WHAT THE TASK ASKS —
In the records below, begin at the line containing "在5.12大地震發生后,他們" and end at the line containing "購買行動と価値観については、"; quote every line in that span exactly, including both boundary lines, and no others.

THE DATA —
[Start of section]
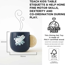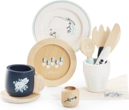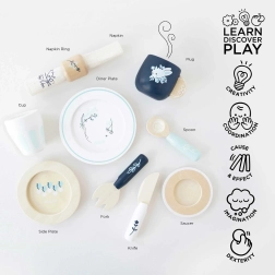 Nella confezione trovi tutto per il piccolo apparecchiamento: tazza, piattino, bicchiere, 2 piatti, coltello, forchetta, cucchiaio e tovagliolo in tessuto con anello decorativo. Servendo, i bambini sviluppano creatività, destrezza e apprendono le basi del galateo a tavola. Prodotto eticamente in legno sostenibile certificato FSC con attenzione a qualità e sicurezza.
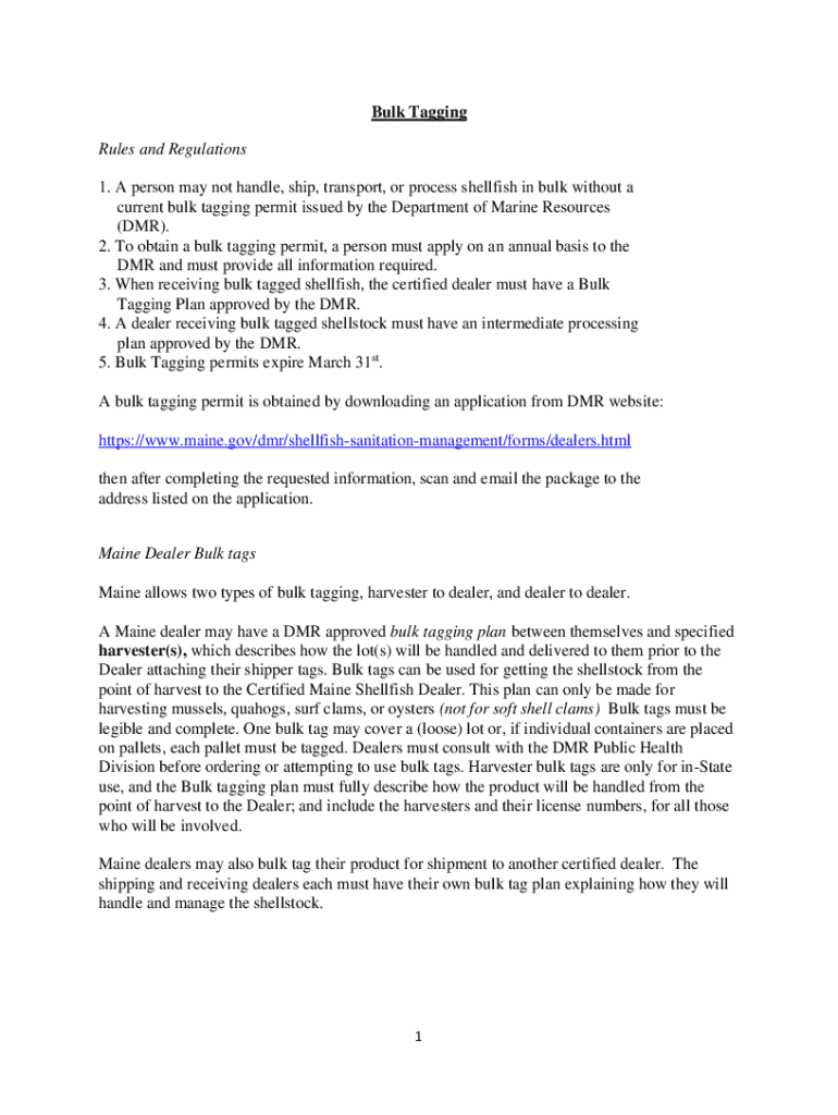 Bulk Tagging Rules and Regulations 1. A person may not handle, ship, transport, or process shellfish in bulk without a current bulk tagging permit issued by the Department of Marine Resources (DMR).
[End of section]
[Start of section]
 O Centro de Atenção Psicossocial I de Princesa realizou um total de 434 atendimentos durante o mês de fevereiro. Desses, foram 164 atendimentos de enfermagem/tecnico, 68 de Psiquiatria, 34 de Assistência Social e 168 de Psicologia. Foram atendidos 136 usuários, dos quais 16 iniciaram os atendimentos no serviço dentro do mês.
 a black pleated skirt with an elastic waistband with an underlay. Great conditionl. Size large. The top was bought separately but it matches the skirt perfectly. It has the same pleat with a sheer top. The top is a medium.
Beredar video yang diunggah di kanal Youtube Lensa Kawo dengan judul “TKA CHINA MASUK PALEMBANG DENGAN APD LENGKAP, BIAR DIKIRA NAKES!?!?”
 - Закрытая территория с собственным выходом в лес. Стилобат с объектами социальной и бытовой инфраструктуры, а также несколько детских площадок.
[End of section]
[Start of section]
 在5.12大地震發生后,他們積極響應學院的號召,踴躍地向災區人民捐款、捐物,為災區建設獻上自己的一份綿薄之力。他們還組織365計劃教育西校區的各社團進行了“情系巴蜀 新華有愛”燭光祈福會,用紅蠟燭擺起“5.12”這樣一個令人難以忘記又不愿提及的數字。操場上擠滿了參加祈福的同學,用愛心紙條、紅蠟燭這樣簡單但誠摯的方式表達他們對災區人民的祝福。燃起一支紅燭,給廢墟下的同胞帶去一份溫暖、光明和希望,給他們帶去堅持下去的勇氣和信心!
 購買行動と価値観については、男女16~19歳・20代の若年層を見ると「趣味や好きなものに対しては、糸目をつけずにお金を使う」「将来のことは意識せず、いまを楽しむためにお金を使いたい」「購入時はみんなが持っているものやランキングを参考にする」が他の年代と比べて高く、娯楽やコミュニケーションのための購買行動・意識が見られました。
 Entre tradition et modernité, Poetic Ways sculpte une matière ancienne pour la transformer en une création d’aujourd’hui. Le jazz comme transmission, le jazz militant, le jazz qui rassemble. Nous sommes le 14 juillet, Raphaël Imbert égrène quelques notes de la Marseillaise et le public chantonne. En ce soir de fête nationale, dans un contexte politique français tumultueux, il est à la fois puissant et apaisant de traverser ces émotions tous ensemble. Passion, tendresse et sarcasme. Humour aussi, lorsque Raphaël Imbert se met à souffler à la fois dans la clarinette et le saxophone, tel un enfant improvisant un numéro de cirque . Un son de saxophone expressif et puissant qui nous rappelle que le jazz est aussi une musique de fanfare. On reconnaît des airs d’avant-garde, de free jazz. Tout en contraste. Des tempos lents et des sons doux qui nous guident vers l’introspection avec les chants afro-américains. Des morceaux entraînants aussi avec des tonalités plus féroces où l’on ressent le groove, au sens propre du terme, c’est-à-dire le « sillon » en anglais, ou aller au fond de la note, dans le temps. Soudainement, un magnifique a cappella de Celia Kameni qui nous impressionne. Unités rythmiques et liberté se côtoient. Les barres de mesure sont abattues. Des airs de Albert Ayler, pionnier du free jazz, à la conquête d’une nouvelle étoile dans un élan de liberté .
[End of section]
EXERCISE RESPONSE —
 在5.12大地震發生后,他們積極響應學院的號召,踴躍地向災區人民捐款、捐物,為災區建設獻上自己的一份綿薄之力。他們還組織365計劃教育西校區的各社團進行了“情系巴蜀 新華有愛”燭光祈福會,用紅蠟燭擺起“5.12”這樣一個令人難以忘記又不愿提及的數字。操場上擠滿了參加祈福的同學,用愛心紙條、紅蠟燭這樣簡單但誠摯的方式表達他們對災區人民的祝福。燃起一支紅燭,給廢墟下的同胞帶去一份溫暖、光明和希望,給他們帶去堅持下去的勇氣和信心!
 購買行動と価値観については、男女16~19歳・20代の若年層を見ると「趣味や好きなものに対しては、糸目をつけずにお金を使う」「将来のことは意識せず、いまを楽しむためにお金を使いたい」「購入時はみんなが持っているものやランキングを参考にする」が他の年代と比べて高く、娯楽やコミュニケーションのための購買行動・意識が見られました。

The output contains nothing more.